Here is the schematic for a correct call of the function.
===================================================
{ ... [e/x]fpre }
y = f(e) # y does not appear in e
{ 1. [y/ans][e/x]fpost premise
2.[yold/y]P premise
...
}
===================================================
Recall that
[e/x]fpre says we
substitute e for x within Qx. We can abbreviate the result
as Qe.
If we correctly deduce Qe, we can call f and conclude [y/ans][e/x]fpost, that is, Ry,e, where y replaced ans and e replaced x. Since y is the target of the answer returned by the function, we must adjust P in the way we do for any assignment to y.
If you the person writing the function for others to use, you must supply the function's specification. You can calculate the specification using the laws we studied in the previous chapter. But better still, you should start with the specification and write the function so that it matches the specification.
The usual way to do this is to state the function's goal. Then, you study the goal and consider how to meet it. Finally, you apply the laws for assignment and conditionals to show that the coding matches the specification. Often, you begin with just the function's postcondition and you formulate an appropriate precondition after writing the code.
Here is a small example. Say you must write a function that
receives two numbers as inputs and selects the maximum, or larger,
of the two as the function's output. The specification of the function,
max, might look like this:
===================================================
def max(x, y)
"""max selects the larger of x and y and returns it as its answer"""
{ pre ???
post (ans == x ∨ ans == y) ∧ (ans >= x ∧ ans >= y)
return ...
}
===================================================
You must write the code for function max so that it meets the
postcondition. Along the way, you might require some restrictions on
x and y for your solution to work. These would be
listed in the precondition.
The logical operators in the postcondition sometimes give us hints
how to code the function. Here, we see that the function's answer
will be either x or y, suggesting that the function
will use assignment commands of the form,
ans = x and ans = y.
We also see that there is an ``or'' operator in the specification.
This suggests that we will require an if-command to choose which
of the two assignments to use.
Although it is not an exact science, we can move from the postcondition
to this possible coding:
===================================================
def max(x, y)
{ pre ???
post (ans == x ∨ ans == y) ∧ (ans >= x ∧ ans >= y)
return ans }
if x > y :
ans = x
else :
ans = y
return ans
===================================================
Now, we use the laws for assignments and conditionals to compute whether
a precondition is needed that places restrictions on x and
y so that the function behaves properly.
What we see here is that our coding works correctly with numbers
(and with strings, too!).
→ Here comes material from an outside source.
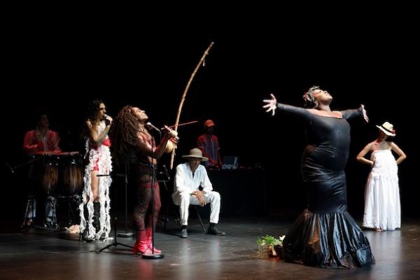 Mandinga do futuro, en rythme de résistance. Si tel est le titre du spectacle de Puma Camillê, c'est aussi une manière de se présenter. Et elle prononce « mandjinga ». Invite le public à « faire partie » de la cérémonie qu'elle orchestre autour d'un bol dans lequel elle verse poudres, plantes et fruits, des feuilles et une sucette. C'est selon le même principe qu'elle compose sa session scénique où les ingrédients sont humains et artistiques : le chant, le berimbau, les percussions, les platines, des costumes qui peuvent renvoyer aux Orixás et autres divinités du Candomblé. Et bien sûr, la danse. Sans oublier l'incroyable crinière de cette lionne des ballrooms.

But it might not work correctly, say,
if x or y are arrays or pointers.
For this reason, it seems safe to use this precondition:
===================================================
def max(x, y)
"""max selects the larger of x and y and returns it as its answer"""
{ pre x and y are both numbers or both strings
post (ans == x ∨ ans == y) ∧ (ans >= x ∧ ans >= y)
return ans }
if x > y :
ans = x
else :
ans = y
return ans
===================================================
Now, we have a function --- a component --- that others can
insert into their programs.
def f(x):
{ pre Qx
post Rans,x
return ans
}
If a call to f is meant to achieve a goal, G, we reason
backwards from G to its subgoal like this:
===================================================
{ subgoal: [e/x]fpre ∧ ([e/x][y/ans]fpost —> G) }
y = f(e) # y does not appear in argument e
{ goal: G }
===================================================
That is, for the call, f(e), to accomplish G,
it must be the case that f's postcondition implies G
and that we can prove f's precondition holds true (so that we can
call f).
An example: for
===================================================
def recip(n) :
{ pre n != 0
post ans == 1.0 / n
return ans
}
===================================================
and the program
===================================================
a = readInt()
{ subgoal: ??? }
b = recip(a)
{ goal: b < 1.0/3 }
===================================================
we compute that the subgoal is
a != 0 ∧ (b = 1.0/a —> b < 1.0/3).
This simplifies to
a != 0 ∧ (1.0/a < 1.0/3)), which simplifies to
a != 0 ∧ a > 3, which simplifies to a > 3.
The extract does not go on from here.